【CCF大数据与计算智能大赛】互联网新闻情感分析（使用LSTM完成中文文本多分类任务）

使用LSTM完成文本多分类任务

这只是把keras的教程用于实战的练手项目，对于真正希望打出好的比赛成绩必须要用到各种（bert等）预训练模型

赛题地址：
https://www.datafountain.cn/competitions/350

代码源于keras作者的《Deep Learning with Python"》
https://nbviewer.jupyter.org/github/fchollet/deep-learning-with-python-notebooks/blob/master/3.5-classifying-movie-reviews.ipynb
原书中使用的IMDB 的数据做二分类问题，而这个赛题下需要做的是三分类问题，读入的是中文数据，需要对代码进行一些修改和添加

数据集解析

官方给出的数据集文件共三个
Train_DataSet.csv
Test_DataSet.csv
Train_DataSet_Label.csv

训练集共id,title,content三列，存储了ID，新闻标题，新闻内容三种内容

我们需要读入数据集

import pandas as pd

train_df = pd.read_csv('Train_DataSet.csv', header=0)
test_df = pd.read_csv('Test_DataSet.csv',  header=0)
train_lable = pd.read_csv('Train_DataSet_Label.csv',  header=0)

print(train_df.shape,test_df.shape,train_lable)

#变量转换为字符型
train_df['title'] = train_df['title'].astype(str)
train_df['content'] = train_df['content'].astype(str)

test_df['title'] = test_df['title'].astype(str)
test_df['content'] = test_df['content'].astype(str)

#拼接标题和内容
#Phrase_list = train_df['title'].astype(str)

Phrase_list = train_df['title'].str.cat(train_df['content'],sep= '-')
X_test = test_df['title'].str.cat(test_df['content'],sep= '-')
print(Phrase_list)

然后对中文进行分词

jieba分词

import jieba
import pandas as pd

train_df = pd.read_csv('Train_DataSet.csv', header=0)
test_df = pd.read_csv('Test_DataSet.csv',  header=0)
train_lable = pd.read_csv('Train_DataSet_Label.csv',  header=0)

print(train_df.shape,test_df.shape,train_lable)

#变量转换为字符型
train_df['title'] = train_df['title'].astype(str)
train_df['content'] = train_df['content'].astype(str)

test_df['title'] = test_df['title'].astype(str)
test_df['content'] = test_df['content'].astype(str)

#拼接标题和内容
#Phrase_list = train_df['title'].astype(str)

Phrase_list = train_df['title'].str.cat(train_df['content'],sep= '-')
X_test = test_df['title'].str.cat(test_df['content'],sep= '-')
print(Phrase_list)

Phrase_list1 = []
X_test1 = []
k = 0
for i in Phrase_list:
    seg_list = jieba.cut(i, cut_all=True)
    seg_list =  " ".join(seg_list)
    Phrase_list1.append(seg_list)
    k = k+ 1
    print(k,'/',len(Phrase_list),'-----------------------------------------')
k=0
for i in X_test:
    seg_list = jieba.cut(i, cut_all=True)
    seg_list =  " ".join(seg_list)
    X_test1.append(seg_list)
    k = k+ 1
    print(k,'/',len(X_test),'-----------------------------------------')
k=0

Phrase_list1 = pd.Series(Phrase_list1)
X_test1  = pd.Series(X_test1)

GloVe训练词向量

中文词训练可以参考这篇博文
https://blog.csdn.net/weixin_37947156/article/details/83145778
简而言之，把title和content的内容分词后，写成一个txt文件

从GitHub下载GloVe代码，https://github.com/stanfordnlp/GloVe
将语料txt放入到Glove的主文件夹下。

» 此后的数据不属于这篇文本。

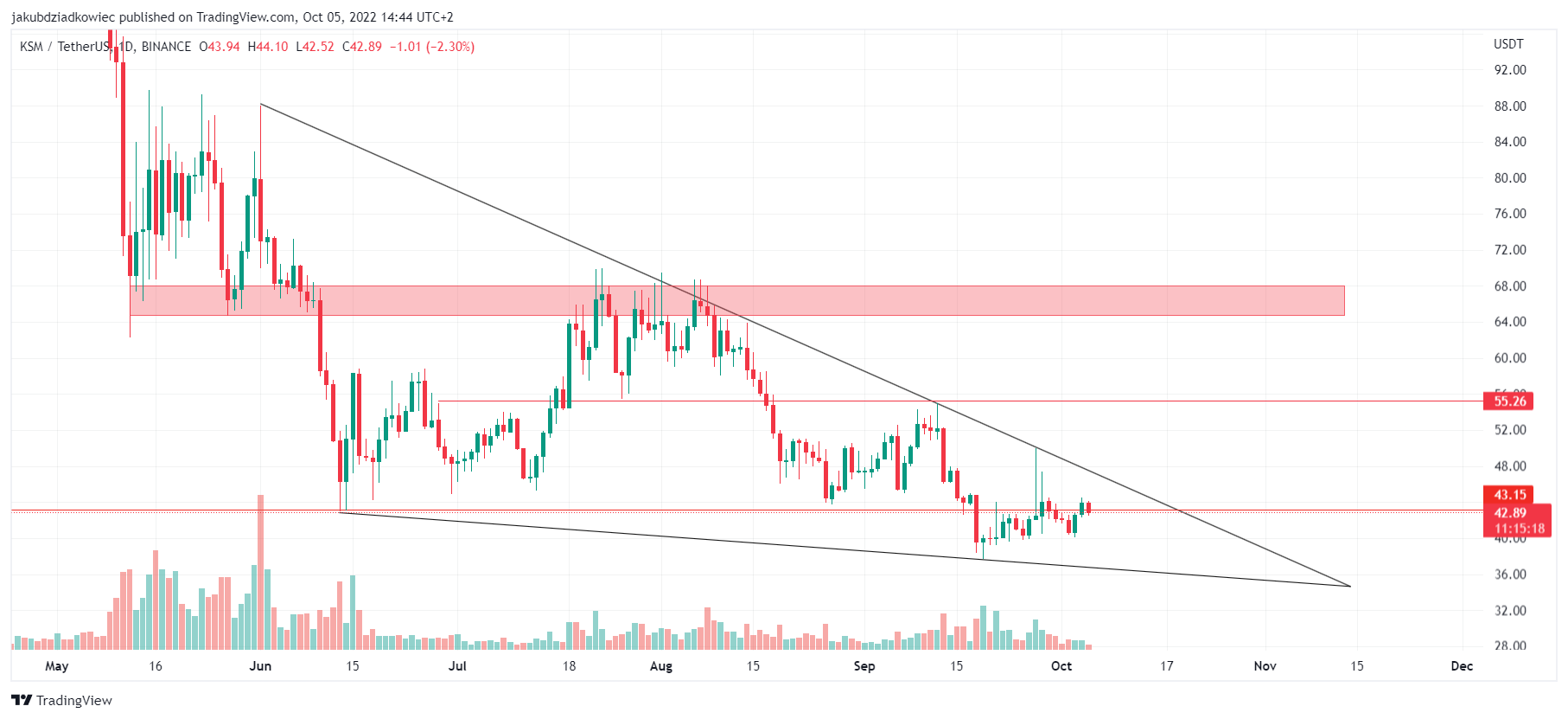 Akcja cenowa KSM, tokena sieci Kusama, wygląda podobnie do wykresu DOT. Różnica jednak polega na tym, że tutaj kurs spadł już poniżej długoterminowego wsparcia na poziomie 43,15 USD. Poza tym cena porusza się we wzorcu zniżkującego klina.

注释掉
将语料corpus.txt放入到Glove的主文件夹下。

修改bash 打开demo.sh，修改相应的内容在这里插入图片描述

因为demo默认是下载网上的语料来训练的，因此如果要训练自己的语料，需要注释掉修改参数设置，将CORPUS设置成语料的名字执行bash文件
得到了词表文件，vocab.txt

将vocab.txt复制到工程下

keras搭建LSTM分类

glove_dir = r'D:\CCF互联网新闻情感分析\glove.6B\vocab.txt'
#加载词表文件
embeddings_index = { }
f = open(glove_dir,encoding='UTF-8')
for line in f:
    values = line.split()
    word = values[0]
    coefs = np.asanyarray(values[1:],dtype='float32')
    embeddings_index[word] = coefs
f.close()

print('Found %s word vectors.' % len(embeddings_index))

embedding_dim = 300

embedding_matrix = np.zeros((max_words, embedding_dim))
for word, i in word_index.items():
    embedding_vector = embeddings_index.get(word)
    if i < max_words:
        if embedding_vector is not None:
            # Words not found in embedding index will be all-zeros.
            embedding_matrix[i] = embedding_vector

########################################
from keras.models import Sequential
from keras.layers import Flatten, Dense, Embedding,SimpleRNN
from keras.layers import LSTM
from keras.layers import GRU
max_features = max_words


model = Sequential()
model.add(Embedding(max_features,300))
model.add(LSTM(64,return_sequences=True))
model.add(LSTM(32,activation='relu',
              dropout=0.1,
              ))
model.add(Dense(3,activation='softmax'))#三分类问题，此处需要换成3，并使用激活函数softmax
#######################################################################
model.layers[0].set_weights([embedding_matrix])
model.layers[0].trainable = False
##########################################################################
model.compile(optimizer='rmsprop', loss = 'categorical_crossentropy',metrics=['acc'])
#损失函数改为

history = model.fit(x_train, y_train,
                    epochs=37,
                    batch_size=128,
                    validation_split=0.1

                    )

预测结果

from keras.models import load_model

model.save('LSTM_model.h5')  # creates a HDF5 file 'my_model.h5'
del model  # deletes the existing model

# returns a compiled model
# identical to the previous one
model = load_model('LSTM_model.h5')


y = model.predict_classes(X_test)
print(y)

#将标签和预测结果组合并写入csv文件。
ID = test_df['id']
def write_preds(ID , fname):
    pd.DataFrame({"PhraseId": ID, "Sentiment": y}).to_csv(fname, index=False, header=True)
#sentiment-analysis-on-movie-reviews
write_preds(ID , "CCF-LSTMkeras.csv")

#绘制结果
import matplotlib.pyplot as plt

acc = history.history['acc']
val_acc = history.history['val_acc']
loss = history.history['loss']
val_loss = history.history['val_loss']

epochs = range(1, len(acc) + 1)

plt.plot(epochs, acc,'bo',label = 'Training acc')
plt.plot(epochs,val_acc,'b',label = 'Validation acc')
plt.title('Taining and validation accuracy')

plt.legend()
plt.figure()

plt.plot(epochs, loss,'bo',label = 'Training loss')
plt.plot(epochs,val_loss,'b',label = 'Validation loss')
plt.title('Taining and validation accuracy')

plt.legend()

plt.show()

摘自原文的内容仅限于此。